AVAILABLE DATA »
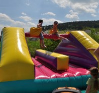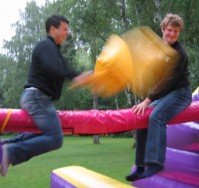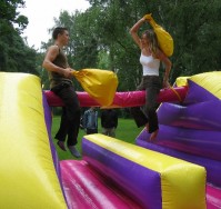 Beide Teilnehmer erhalten ein Kissen und müssen versuchen einander aus dem Gleichgewicht zu bringen und von dem Balken zu schubsen.
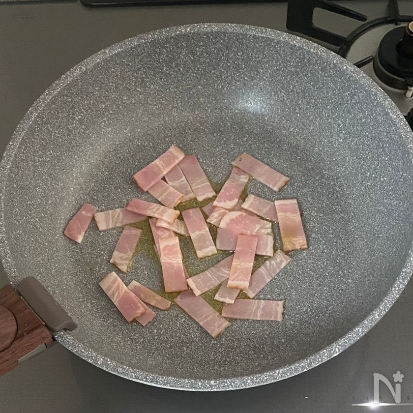 フライパンにオリーヴオイルとベーコンを入れて中火にかけ、カリッとなるまで炒める。
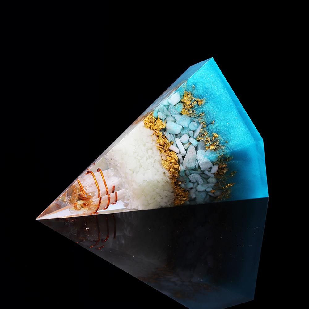 3. Bunastare emotionala: Amazonitul este cunoscut pentru capacitatea sa de a promova echilibrul emotional si vindecarea. Calmeaza emotiile, reducand stresul, anxietatea si ingrijorarea. A avea o piramida orgonit din cristal de Amazonit in mediul tau poate crea o atmosfera linistita, sustinand bunastarea emotionala si oferind un sanctuar pentru relaxare si auto-reflectie.
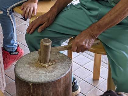 きれいにしたコウゾを、今度は木槌で叩きます。かたい繊維を柔らかくするためです。
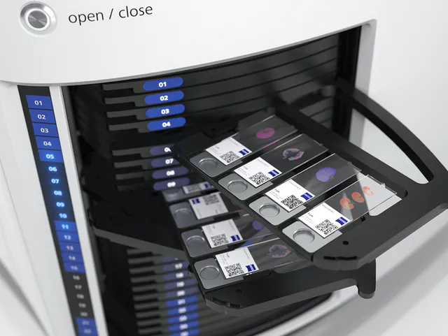 蔡司Axioscan 7可一次性對100張相似樣品或混合多種應用的樣品進行數字化采集
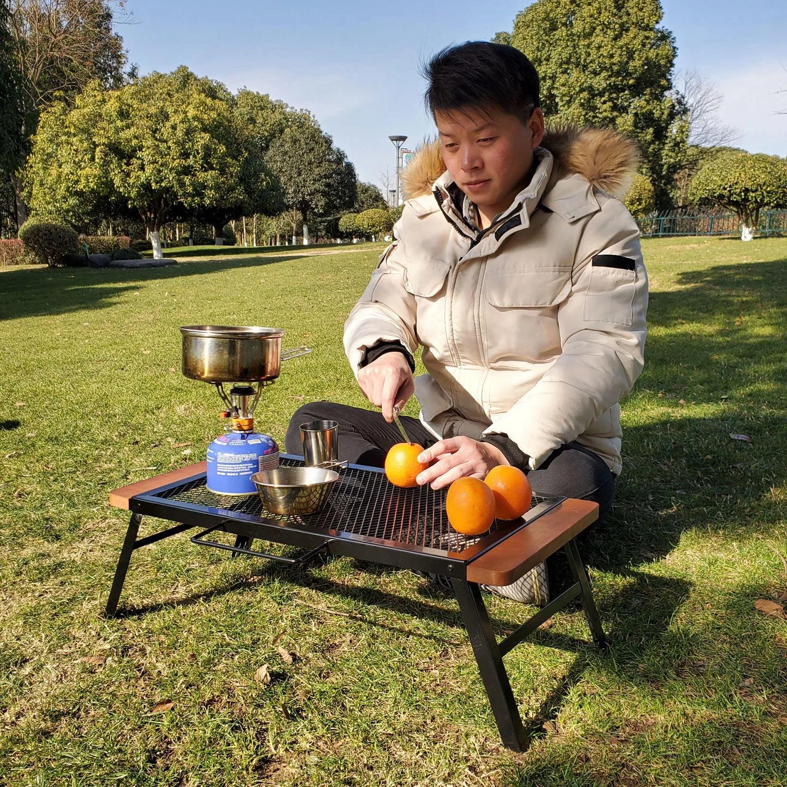 5. Практичный гриль для костра: на открытом воздухе портативный складной гриль может легко готовить горячие блюда. Предназначен для кухонной утвари на открытом воздухе, сковородок, сковородок и Горшков, используется для приготовления пищи на открытом огне. Не подходит для прямого контакта с барбекю.
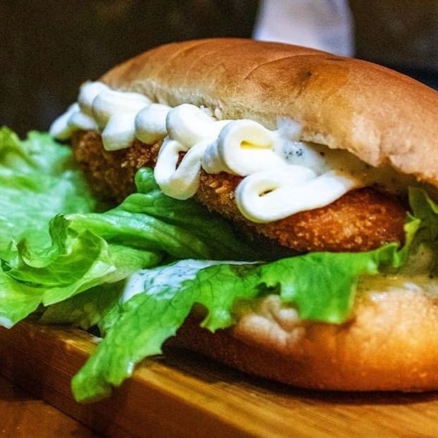 Filé de Peito de Frango Empanado na Casa, Coberto por Cream Cheese, Alface, Tomate, Cebola, Picles e Maionese da Casa.
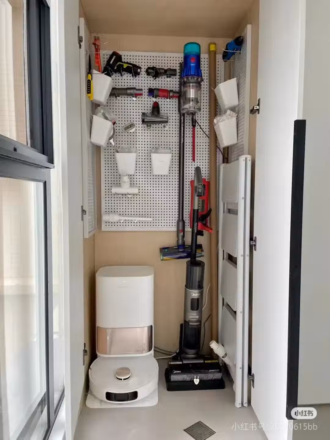 橫向空間不足還可以藉助掛鉤伸縮杆做成抽拉式的收納,抽出所有工具一目了然,底部還能給掃地機器人留一個地方。
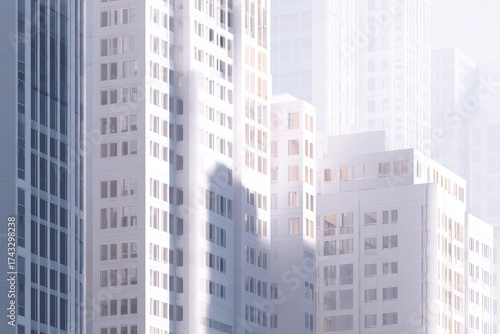 Naklejka premium Ethereal Urban Skyline with Soft Light and Architectural Detail.
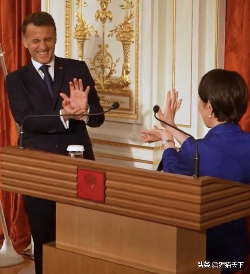 值得一提的是,最近高市早苗就是看過馬克龍之前的熱門話題,知道他是漫畫龍珠的粉絲,還模仿過。於是高市當面跟馬克龍一起模仿,就是這個“龜派大法”的動作,他們兩個就像在互相作法。
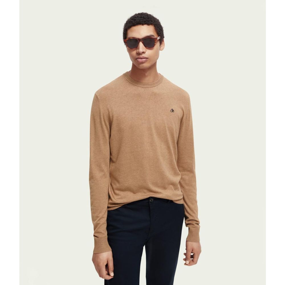 Scotch and Soda Essentials Classic crewneck pullover Camel Melange
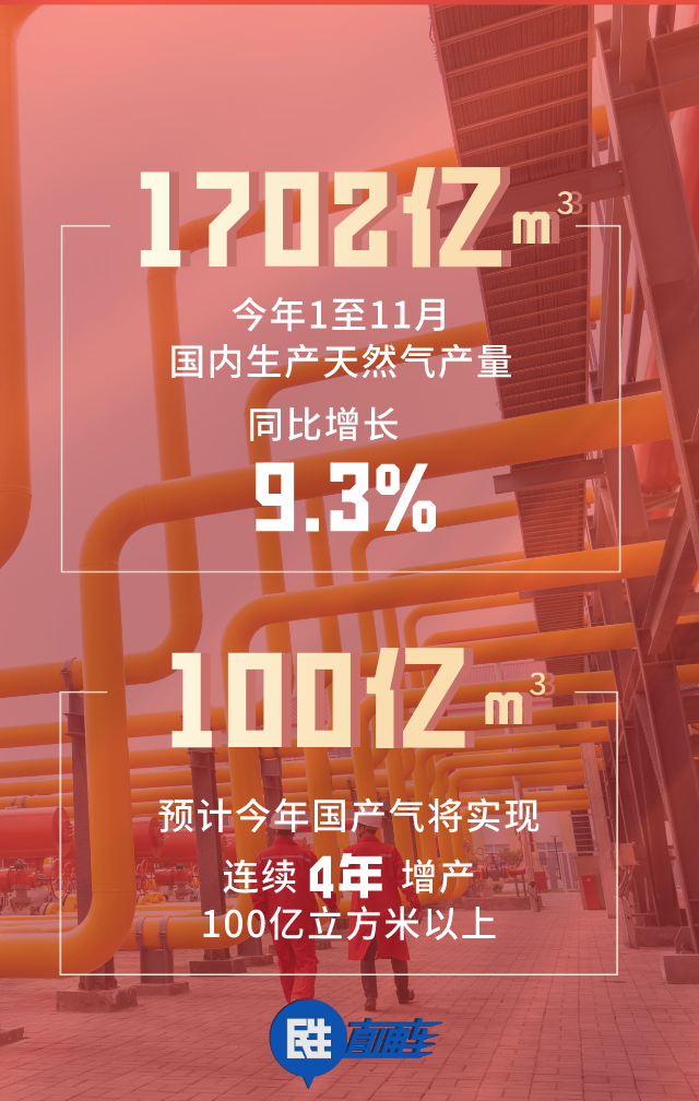 一是國內生產穩定。今年1至11月,國內生產天然氣1702億立方米,比去年同期增長9.3%,預計今年國產氣將實現連續4年增產100億立方米以上,這為穩定供氣奠定扎實基礎。

TASK DIRECTIONS »
Would you please reproduce the entries above, starting at the line with "フライパンにオリーヴオイルと" and stopping after the line with "蔡司Axioscan 7可一"? Omit any pictures.

SOLUTION TO THE EXERCISE »
 フライパンにオリーヴオイルとベーコンを入れて中火にかけ、カリッとなるまで炒める。
 3. Bunastare emotionala: Amazonitul este cunoscut pentru capacitatea sa de a promova echilibrul emotional si vindecarea. Calmeaza emotiile, reducand stresul, anxietatea si ingrijorarea. A avea o piramida orgonit din cristal de Amazonit in mediul tau poate crea o atmosfera linistita, sustinand bunastarea emotionala si oferind un sanctuar pentru relaxare si auto-reflectie.
 きれいにしたコウゾを、今度は木槌で叩きます。かたい繊維を柔らかくするためです。
 蔡司Axioscan 7可一次性對100張相似樣品或混合多種應用的樣品進行數字化采集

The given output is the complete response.